The integrated COMA feature facilitates with consistency checks in microarray results. The method provides hints for incorrectly predicted operons, missing gene regulatory interactions and putative errors in the experimental results. Microarray results can be uploaded or copy+pasted easily and subsequently are checked for consistency with the known gene regulations of the integrated corynebacteria, mycobacteria, and Escherichia coli.

Conclusion

Novel ultra-fast sequencing and large-scale postgenomic analysis techniques of complete genome sequences recently generated a vast amount of data that has to be analyzed. Comprehensive evaluation of that data asks for user-oriented software platforms supporting data management, visualization, integration into existing knowledge, generation of hypotheses, evaluation, and the possibility to share this post-processed data with others.

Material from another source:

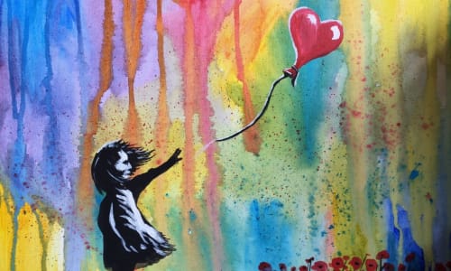 No experience is needed as you follow along with an artist facilitator who will guide you creating your own version of Banksy's Girl with the Balloon.

With release 4.0, CoryneRegNet now is a comprehensive system for the integrated analysis of procaryotic gene regulatory networks. The database contains information on DNA-binding transcription factors and on transcriptional regulatory interactions of corynebacteria, mycobacteria and E. coli. The results of global DNA microarray hybridization experiments have been integrated as stimulons into the CoryneRegNet data repository. A web-based user interface provides access to the database content, allows various queries and supports the reconstruction, visualization, validation and prediction of regulatory networks at different hierarchical levels. CoryneRegNet is moreover linked to several databases (EMMA, GenDB, COG, GO, NCBI, etc.). Although CoryneRegNet initially was developed as a data warehouse of transcriptional regulatory networks of C. glutamicum, its ontology-based design along with its programs and scripts has been designed for a general applicability to other species. Hence, it has been extended with genomic and transcriptional data on 6 more organisms, experimental results (stimulons) and computer predictions (protein clusters, PWM-based binding motif predictions, etc.). As it is state-of-the-art, CoryneRegNet is connected to other data sources using Web Services and provides an own Web Service for external consumers. Consequently, CoryneRegNet 4.0 is a versatile systems biology platform to support the efficient and large-scale analysis of transcriptional regulation of gene expression in microorganisms.

Availability and Requirements

Project name: CoryneRegNet 4.0

Project home page: http://www.CoryneRegNet.DE

Operating system(s): Platform independent

Programming language: PHP, Java 6

License: Academic Free License (AFL)

Any restrictions to use by non-academics: No.

Comment: A documentation on how to develop a CoryneRegNet Web Service client is available at the web site. Instructions on how to adapt the data from other microorganisms for the integration and the regulatory analysis within CoryneRegNet is available upon request.